Claudia Peña Salinas, Atlichicue, 2022. Courtesy of CURRO and Claudia Peña Salinas.

EMBAJADA and CURRO
Presenting artist Claudia Peña Salinas


The booth presents new works by Clauda Peña Salinas, including a series of wax panels with fragments of scenes from the Tepantitla Teotihuacan mural depicting the water paradise of Tlaloc and Chalchiuhtlicue, combined with images of Modernist artworks and Pre-Columbian archeological pieces recently auctioned at Christie’s; a floor standing sculpture of a pyramid section with hanging print images of Teotihuacan masks offered for auction at Christie’s; and a grid of photographs depicting a collection of rocks dislocated by two different operations of extraction: looting and tourism. Three of the photographs depict rocks from the American Museum of Natural History brought to the United States by the explorer John Lloyd Stephens during the 19th century, while the rest are from a bag originally sold in a tourist shop in Mexico in the 1970s, and subsequently purchased on eBay. 

HUTCHINSON MODERN
Presenting artist Priscilla Monge


Priscilla Monge’s work explores the complex interconnectedness between love, violence, family, the feminine, and intimacy through a wide range of mediums. The booth presents recent works alongside iconic works from the ’90s, offering a wide view of the artist’s oeuvre. For example, Monge’s embroideries Dear Priscilla and Bordando Tiempos introduce themes of “what is known and not said,” reinterpreting uncomfortable aspects of everyday life. In “The Bloody Day” photograph series, the artist wears cargo pants made of menstrual pads in the city, highlighting societal taboos. In her recent work, “Green Polaroids,” Monge explores the concept of time, in particular the unique moment captured by a Polaroid, and the idea that earth and nature can cover anything with time.

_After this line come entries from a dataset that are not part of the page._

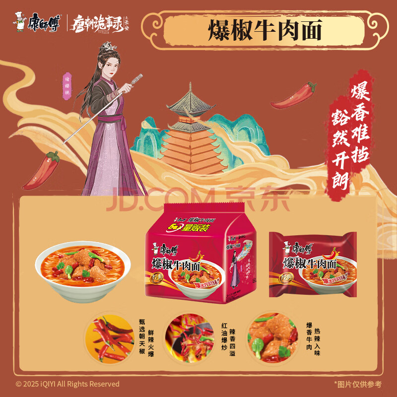 商品相册:康师傅 方便面 经典爆椒牛肉面五连包103g*5 泡面袋装速食 方便食品第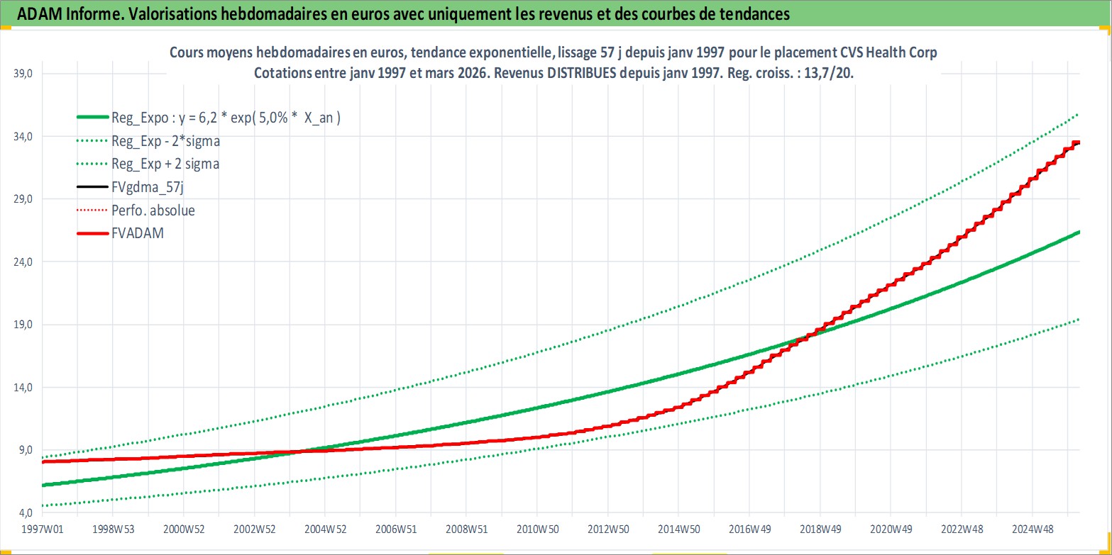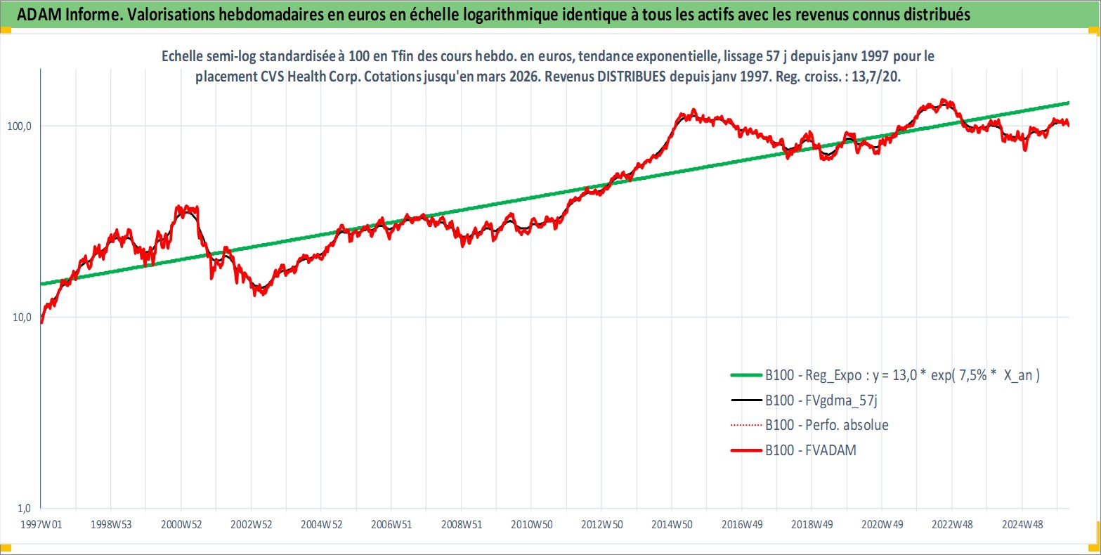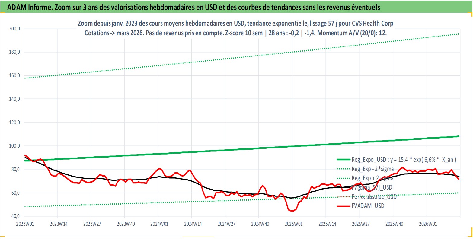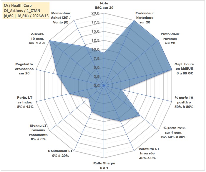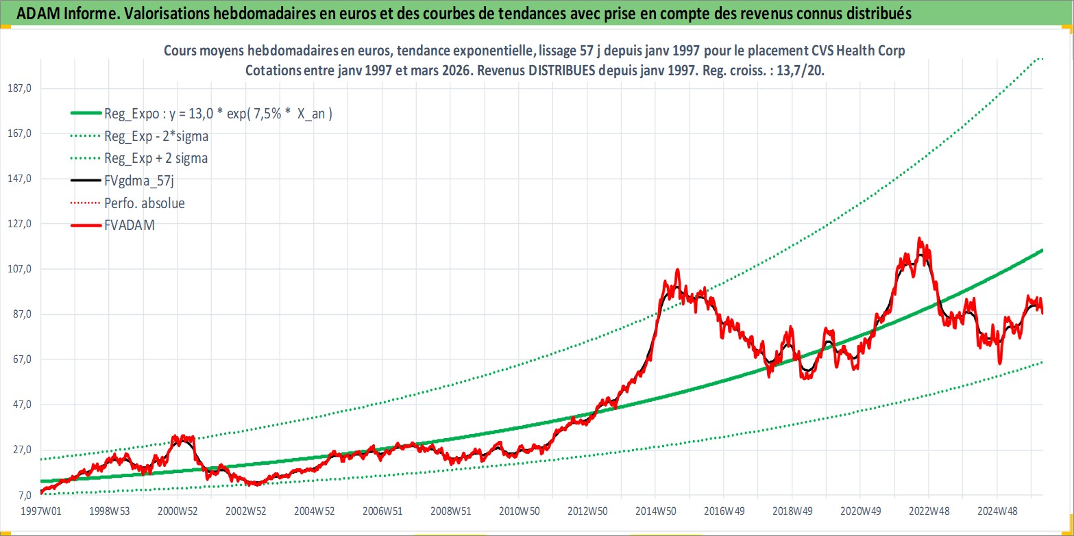 Site dédié aux investisseursPage dédiée sur site financeAnalyse des valorisations hebdomadaires de l'action CVS Health Corp. Cet actif est cote en USD. Les valorisations sont en contrevaleur EURO et couvrent les semaines 1997W01 a 2026W13. Les revenus de cet actif financier sont pris en compte depuis la semaine 1997W04. La note globale ESG de cet actif est estimee a 9.0 (apres rebasage entre 0 et 20).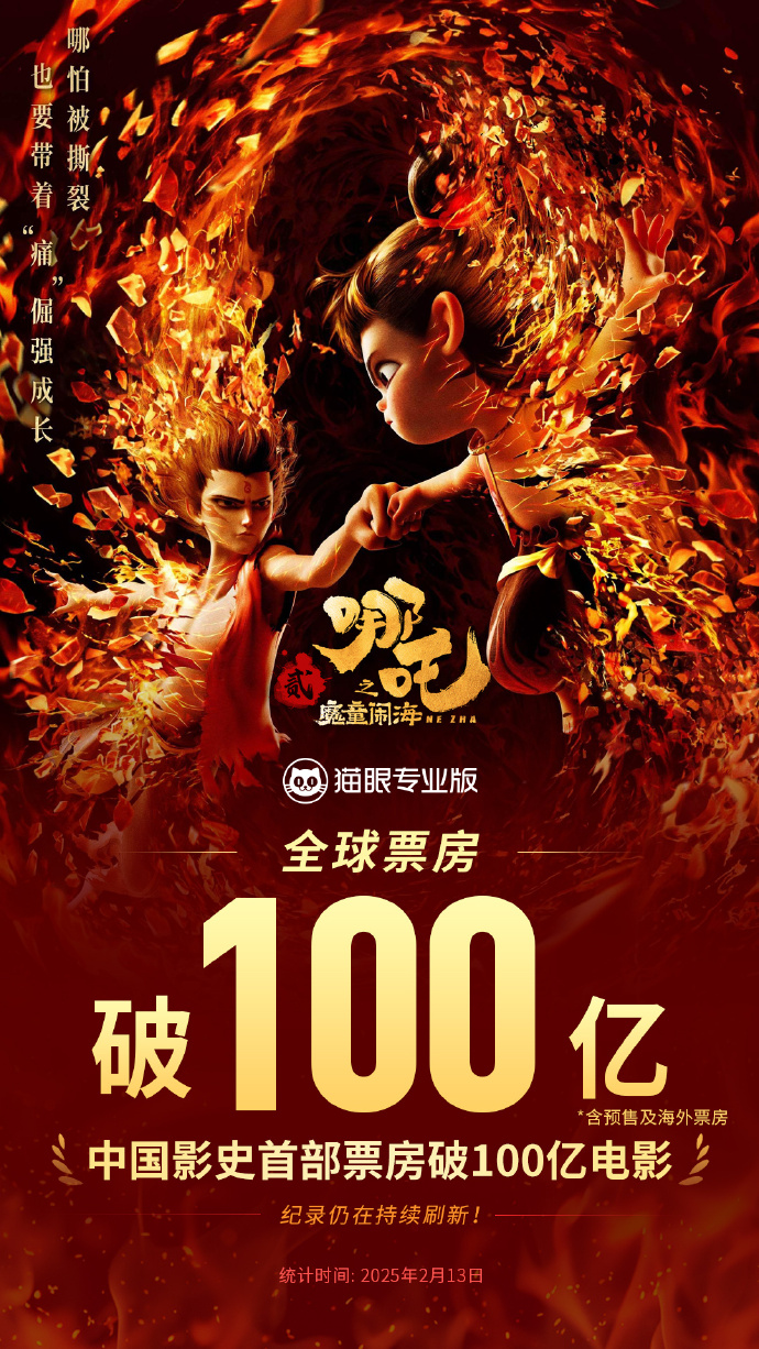 据猫眼专业版数据,电影《哪吒之魔童闹海》全球票房(含预售及海外)突破100亿,成为中国影史首部票房破100亿电影!据猫眼专业版预测票房数据显示,最新预测总票房超160亿,预计将进入全球票房榜前五。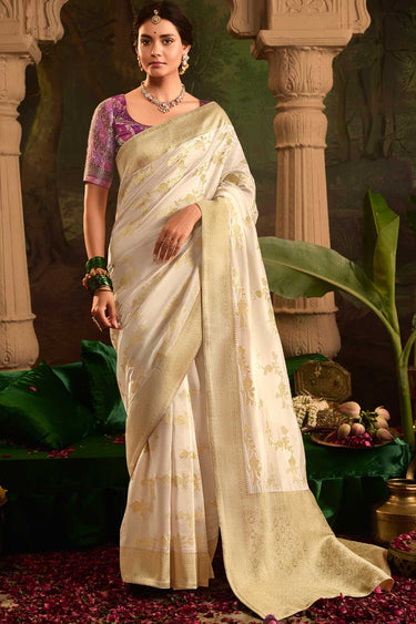 Crepe Silk Fabric Cream Color Excellent Saree With Weaving Work
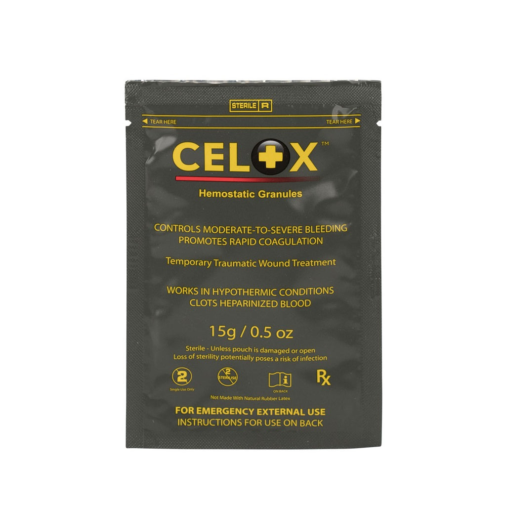 CELOX is an over-the-counter blood clotting agent that delivers fast first aid care for all types of bleeding--from cuts, scrapes, and nosebleeds to moderate and severe bleeding. CELOX is so effective, it's been proven to work even in the presence of common anticoagulant blood thinning medications--a welcome breakthrough for the 40 million Americans who are on blood thinners and who can suffer from serious bleeding issues. Proven to Be Effective Originally developed to assist military medics, CELOX provides fast, effective first aid for men, women, children and older adults, and it's easy to use even if you have no first aid or medical training. CELOX has even been proven to work in the cold (in cases of hypothermia). CELOX First Aid products are easy to carry in your purse, briefcase, backpack, gym bag, glove compartment, tool box, or tackle box. Having CELOX First Aid products on hand instantly makes your workshop, garage, car, boat, or home a safer environment.nnCELOX empowers people to respond more effectively in any bleeding situation. If a bleeding emergency happens, you'll be ready. CELOX is so effective, it helps treat injuries that require professional medical attention, so you can be proactive until professional help arrives. When every second counts, CELOX puts time on your side.

Priscilla Monge, Clay Note, 2022. Courtesy of Zorawar Sidhu.
Aurora Pellizzi, Choco-Concha, 2020. Courtesy of Instituto de Visión.

INSTITUTO DE VISIÓN and REVOLVER GALERIA
Presenting artists Aurora Pellizzi and Elena Damiani


Aurora Pellizzi’s work combines the formal precepts of painting and sculpture with craft techniques. Her practice is informed by pre-industrial textile processes and materials, from natural dyeing to back-strap loom weaving, where technical constraints give way to textural, dimensional shapes and forms. In Pellizi’s work, fiber is used both as a pictorial field and as the embodiment of the subject it represents.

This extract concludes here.